А Карл еще продолжал спорить с генералами:
– Я скорее соглашусь попасть в плен, чем умышленно покинуть свое войско…
– Вы погубите всех нас, – убеждал Гилленкрок. – Тогда мы все вечно останемся пленниками русских…
– А что будет в плену со мной? Как вы думаете? – спросил король.
– Сохрани нас бог от такого несчастья… Русские стали бы глумиться над вашей особой и заставили бы подписать унизительные для шведов условия…
– Я прикажу заранее не соблюдать никаких условий, вынужденных от меня насилием…
Генералы продолжали упрашивать короля и, наконец, убедили принять их предложение.
Назначив главнокомандующим оставляемой армий генерала Левенгаупта, король приказал готовить переправу.

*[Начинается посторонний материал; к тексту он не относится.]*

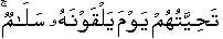 14:23;16:32;25:75] Their/Angel's greetings, the Day they confront it, will be "peace and tranquility". o And He has prepared/kept ready for them a reward par excellence. [33:44]

Он брал с собой генералов Гилленкрока, Спарре и Лангеркрона, отряд драбантов и тысячу гвардейцев.
Была уже ночь. По берегу горели костры. Солдаты жгли факелы.
Всюду слышался негодующий ропот:
– Черт нас занес в эту страну!
– Король и генералы убегут, им всюду местечко найдется, а мы – расплачивайся головами!

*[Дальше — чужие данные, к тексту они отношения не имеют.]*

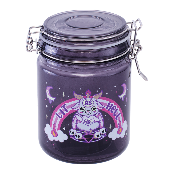 The Lit As Hell Airtight Glass Storage Jar is made from quality borosilicate glass with a transparent black finish, extra thick for durability. This jar is sealed with a silicone O-ring and held tight by a metal hinge. The outside is wrapped with a design depicting an adorable goat overlord residing over cartoon skulls and a pentagram. Each jar has plenty of room for dry herb, or whatever else you need to store!

– Не надо было королю слушать гетмана Мазепу, наобещал он много, а ничего не исполнил!
– Повесить бы его за ноги на первом дереве!

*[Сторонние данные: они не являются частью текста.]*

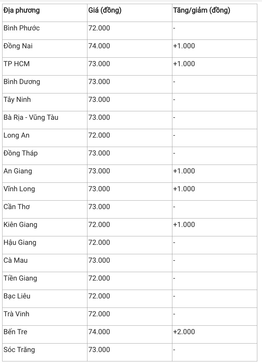 Hiện giá heo hơi khu vực này vẫn duy trì dao động 70.000 – 74.000 đồng/kg. Trong đó, Đồng Nai và Bến Tre thiết lập mức giá cao nhất cả nước với 74.000 đồng/kg. Nhiều địa phương như Bà Rịa – Vũng Tàu, Cần Thơ, Cà Mau, Bình Dương, Tây Ninh, Sóc Trăng có giá cao nhất cả nước với mức 73.000 đồng/kg. Còn các tỉnh thành trong khu vực dao dịch phổ biến trong khoảng 70.000 – 72.000 đồng/kg.

Многие шведы, понимая свою обреченность, решили, несмотря на запрещение Левенгаупта, покинуть армию, бежать вслед за королем. Будь что будет!
Лишь только королевский паром отчалил от берега, они стали переправляться через Днепр вплавь. Некоторые погибли, иным удалось присоединиться к королю.
Рассветало… Королевский отряд, соединившись за рекой с гетманом и его свитой, быстро уходил в степь.
Левенгаупт приводил в порядок оставшиеся войска. В это время на ближайших холмах показались передовые части конницы Меншикова.
Не приняв боя, но умышленно затянув переговоры, чтобы дать возможность королю уйти, Левенгаупт сдался.
Русским достался весь шведский обоз, двадцать восемь пушек, сто двадцать семь знамен и свыше шестнадцати тысяч пленных. Помимо пушек и знамен под Полтавой и Переволочной русские захватили у шведов 5400 кавалерийских и артиллерийских лошадей, 21630 ружей и карабинов, 220 пудов пороха, 32 840 шпаг и палашей, большое количество всякой воинской амуниции.
Был захвачен почти весь шведский обоз. Попала в руки русских и часть имущества Мазепы, стоимостью в 300 тысяч рублей.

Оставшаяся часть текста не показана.